Возможно, исторический инстинкт самосохранения заставил Православную церковь отказаться от введения в обиход уточняющего и побуждающего к размышлению начала, исходящего от философии Серебряного века. По той же причине обществом были отвергнута художественная новизна, в той или иной степени адекватная «шуму времени» и обладающая качеством луча прожектора. И то, что в культуре доминирует всепобеждающая пошлость, также объяснимо тем, что большинству наконец-то удалось реализовать свои тайные желания.
При всех переменах, имеющих на первый взгляд демократическую внешность, Россия остается в замкнутом круге исторических повторений, которые задаются не способом избрания парламента или президента (увы, по словам поэта, мы выбираем между «вором и кровопийцей»), а механизмом функционирования общественного сознания. Два взаимодополняющих и разрушительных процесса определяли и определяют сегодня русскую культуру – стремление к победе тайного над явным и одновременно стремление все тайное сделать явным.
Все политические последствия подобных стремлений вполне предсказуемы – мы все еще метафизическая страна и выбираем не между физиками и лириками, как думалось шестидесятникам, а между физикой и метафизикой. Метафизика кажется предпочтительней. Или, говоря словами другого поэта, «тьмы низких истин нам дороже нас возвышающий обман». Здесь все перевернуто вверх ногами: истина, свет – темна (и не нужна), обман и иллюзия продолжают свое обольщение.

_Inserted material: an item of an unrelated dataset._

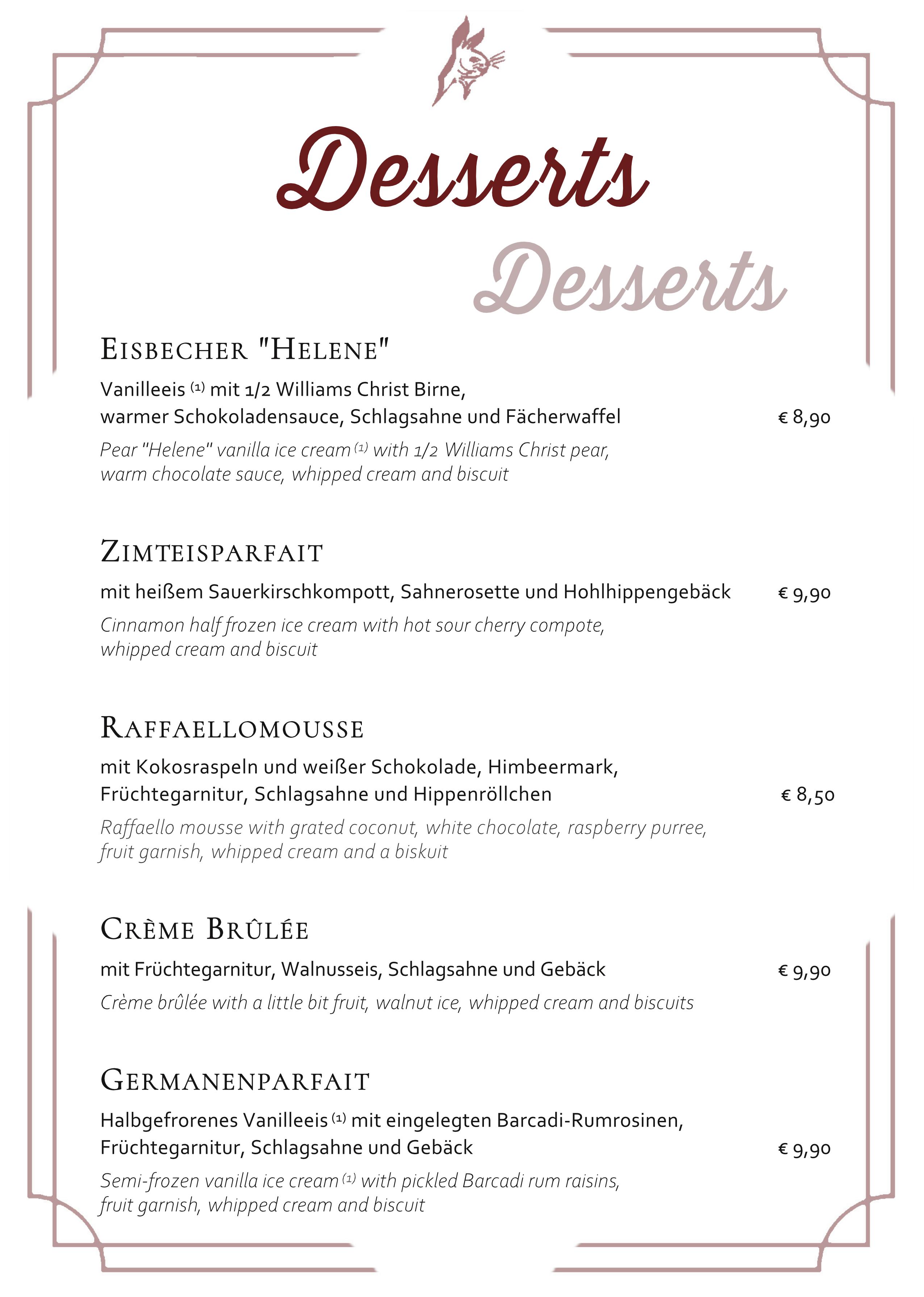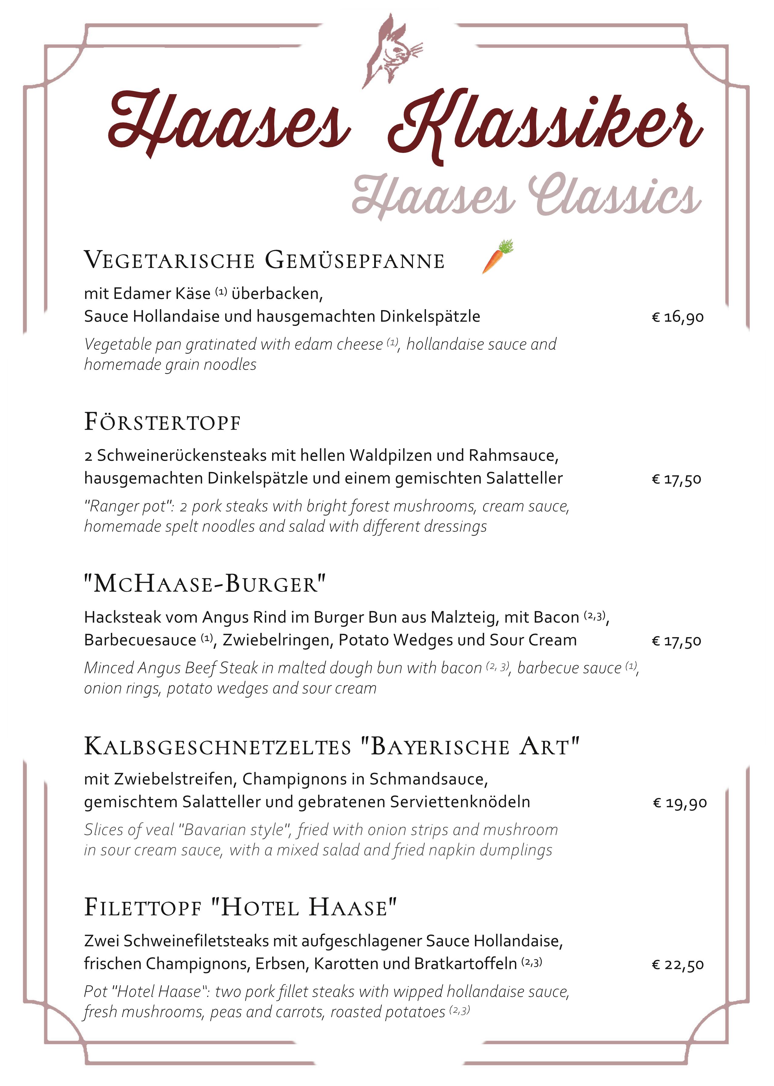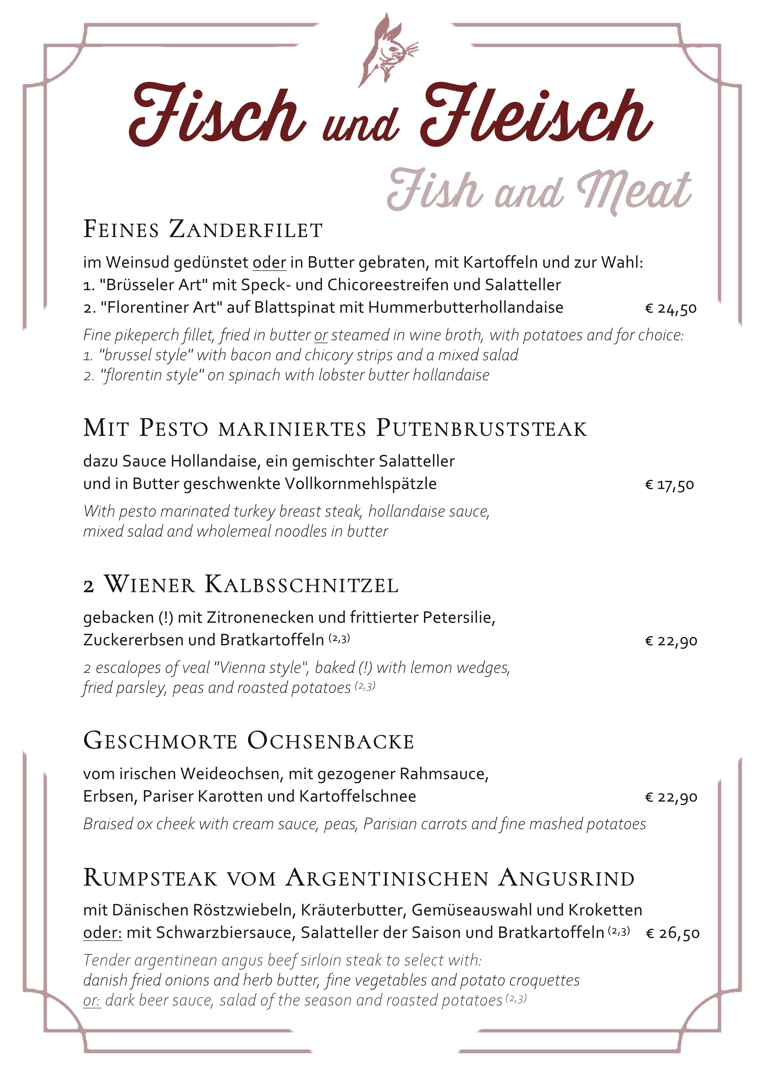 Reguläre Speisekarte (ohne Tages-/Saisonkarte) als Download (PDF).

Банально повторять, что литературе пошло бы на пользу погружение во тьму: никто не выбирает тьму потому, что она тьма, тьма выбирается только в одном случае – если она кажется светом.
1995
Залог свободы
(о «чувстве вины» в России и Германии)
У этой статьи (в которой я позволю себе несколько автобиографических отступлений), как у некогда «самого верного и великого учения», – три источника, три составные части.
События после референдума, неустойчивость власти, политическая борьба, которая, с одной стороны, приобретает все более непримиримый, личностный характер, а с другой, обострилась именно потому, что реформы в России зашли в очередной тупик, затушевали объективный факт кризиса реформистского движения. А также то обстоятельство, что Россия все ближе подходит к черте, после которой возврат к прошлому будет почти неминуем. По крайней мере этот возврат настолько реален, что он постоянно обсуждается, им пугают, к нему призывают, он предстает в виде реальной альтернативы.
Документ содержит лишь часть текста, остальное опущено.